Standard & Poor’s Affirms Russia’s Credit Rating

Ratings agency Standard & Poor’s said the state of Russia’s external and public balance sheets should enable the economy to absorb shocks from possible new international sanctions and affirmed Russia’s “BBB-/A-3” credit rating on Friday, Kommersant reported.

The rating agency kept its stable outlook unchanged.

“We hope that the sustainable positive trend of economic growth and responsible budgetary policy will provide compelling reasons for this agency to raise Russia’s sovereign credit rating,” said Finance Minister Anton Siluanov.

On February 24, S & P upgraded Russia’s sovereign rating to “BBB-” with a stable outlook. The head of the Ministry of Economy, Maxim Oreshkin, said that “raising the rating of Russia to the investment level will contribute to the inflow of capital and a stable level of yields in the OFZ market below 7% for long-term securities.”

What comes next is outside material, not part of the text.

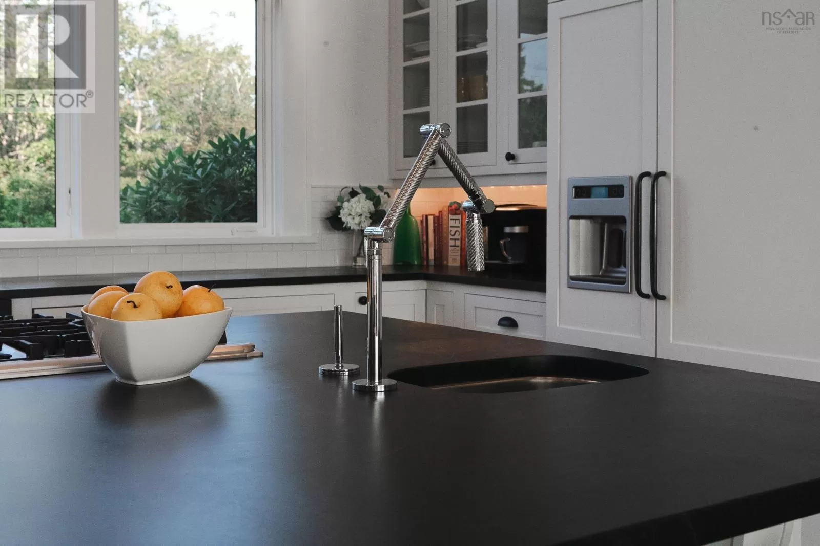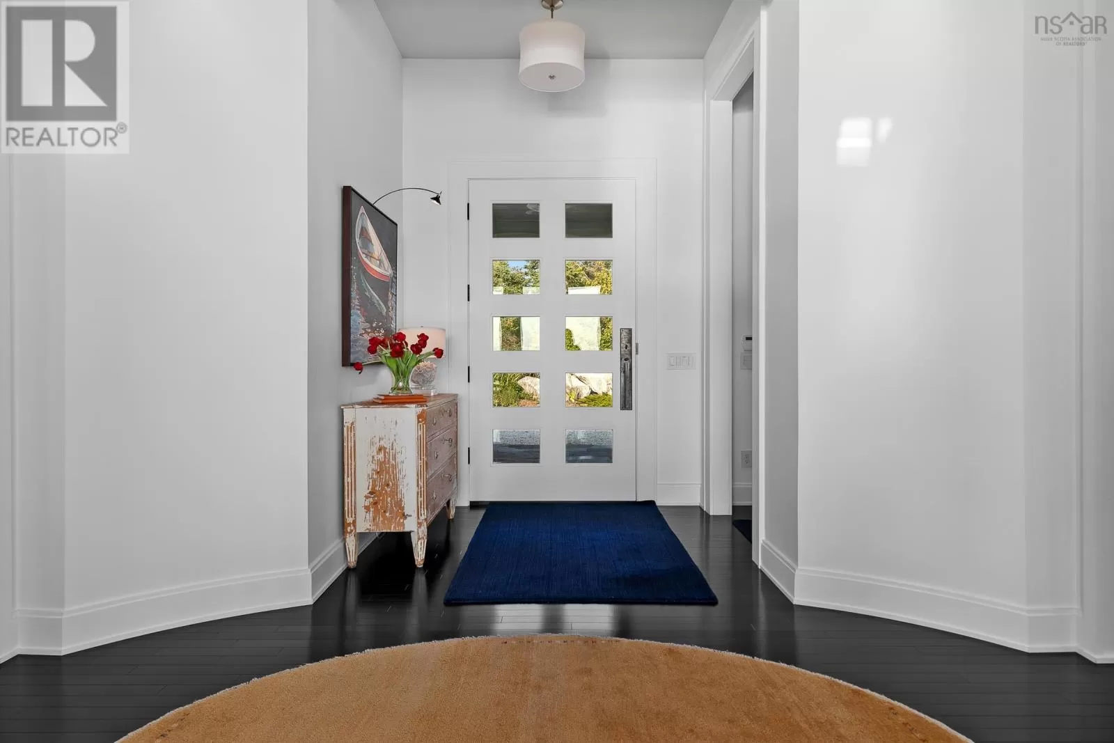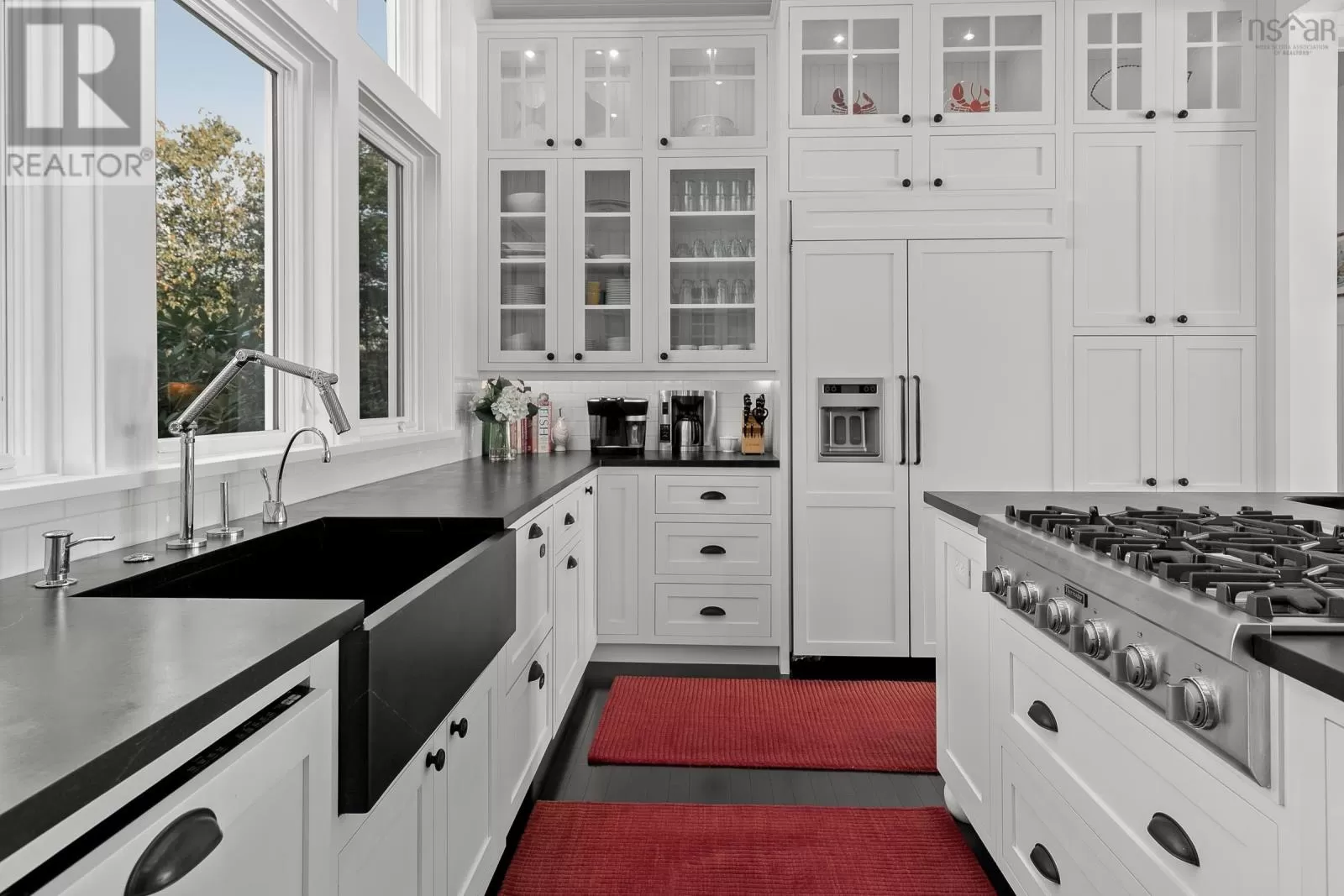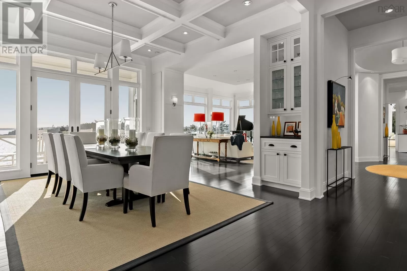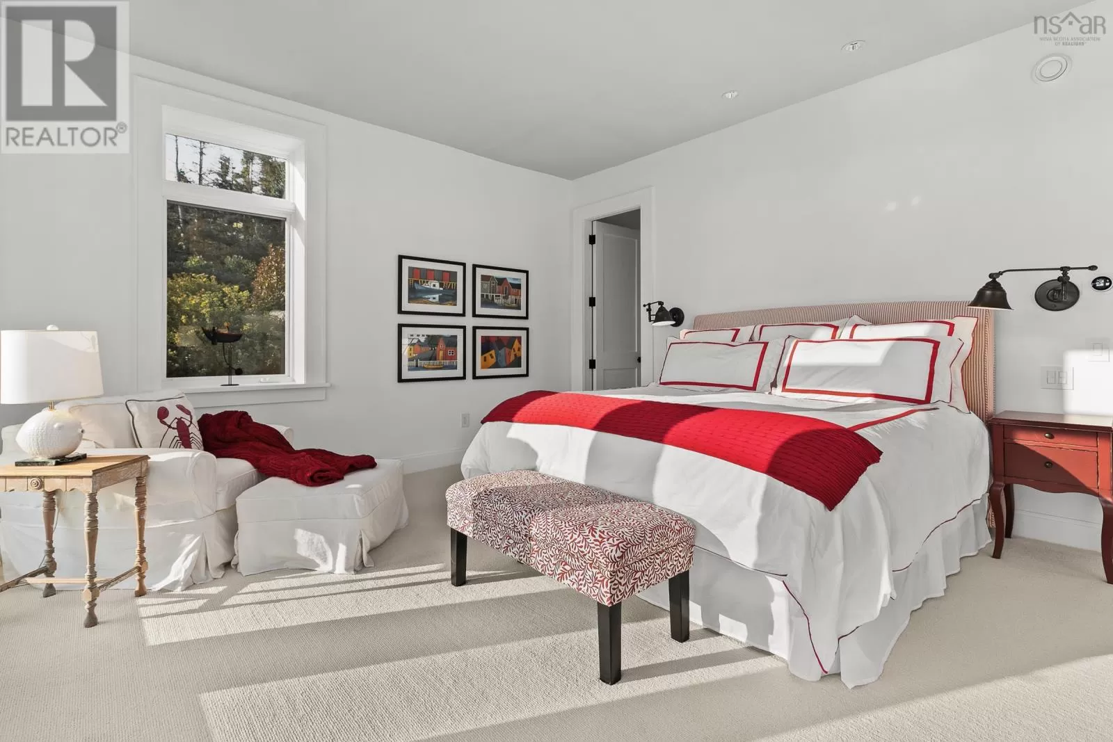 Highway 329 to Northwest Cove, to The Pointe on the Aspotogan Peninsula. Discover this jaw-dropping and meticulously designed South Shore oceanfront oasis! Renowned architect Michael Grunsky created this magnificent one-of-a-kind residence for those seeking an extraordinary lifestyle. Nestled on 12+ acres and 656' of shoreline, this property boasts striking 180 degree southwestern views of bold ocean vistas, rocky coastline, uninhabited islands, inlets and stunning sunsets over the Atlantic. The main floor was carefully curated to blend perfectly with the outdoors. The great room impresses with floor to ceiling windows that seamlessly flow to the light filled dining room and spacious chef's kitchen. Next to a charming sitting room with wood burning fireplace, the spectacular primary suite, with a luxurious ensuite and large walk-in closet, opens to a private waterfront deck, enabling spacious one level living. The great room and the dining room both open to an awe-inspiring ocean view deck and large stone patio featuring an exterior fireplace, ideal for entertaining. The garden level includes a media room (possible bunk room) potential wine or hobby room, full bath, three oceanfront guest bedrooms, (one currently used as a Study), one with an elegant ensuite, and a tremendous amount of storage space. Filled with custom features, no detail was overlooked including 4 wood burning fireplaces, high ceilings, extensive built-ins, exquisite stone and millwork and walls of windows in all the waterfront rooms. This home is located at The Pointe, a private enclave of fine custom-built homes featuring 25 acres of common land and coastal trails for hiking. Perfectly nestled on the South Shore between Chester and Hubbards and 5 minutes from Bayswater Beach, the area offers seasonal farmers' markets, Yacht Club, Golf Club, full-service marinas, Art Centre, Playhouse, quaint shops, cafes and more. Only 40 minutes from Halifax and an hour from Stanfield International Airport. This property is exempt from the Federal Ban on Foreign Buyers. (id:27476)

The latest U.S. sanctions were imposed on Moscow in April.

In its press release, S&P did not rule out a “positive rating action on Russia in the next 24 months,” if the country’s economic recovery gains pace and its GDP growth is on par with that of the countries at similar stages of economic development.

In an apparent reference to the controversial pension reform proposal, recently approved by Russia’s State Duma in the first reading, the agency said that “effective measures to address long-term fiscal pressure from an aging population” could also contribute to the rating’s increase.

In its recent report, Russia’s Analytical Credit Ratings Agency highlighted the possibility of more Western sanctions as the major economic risk Russia may face this year.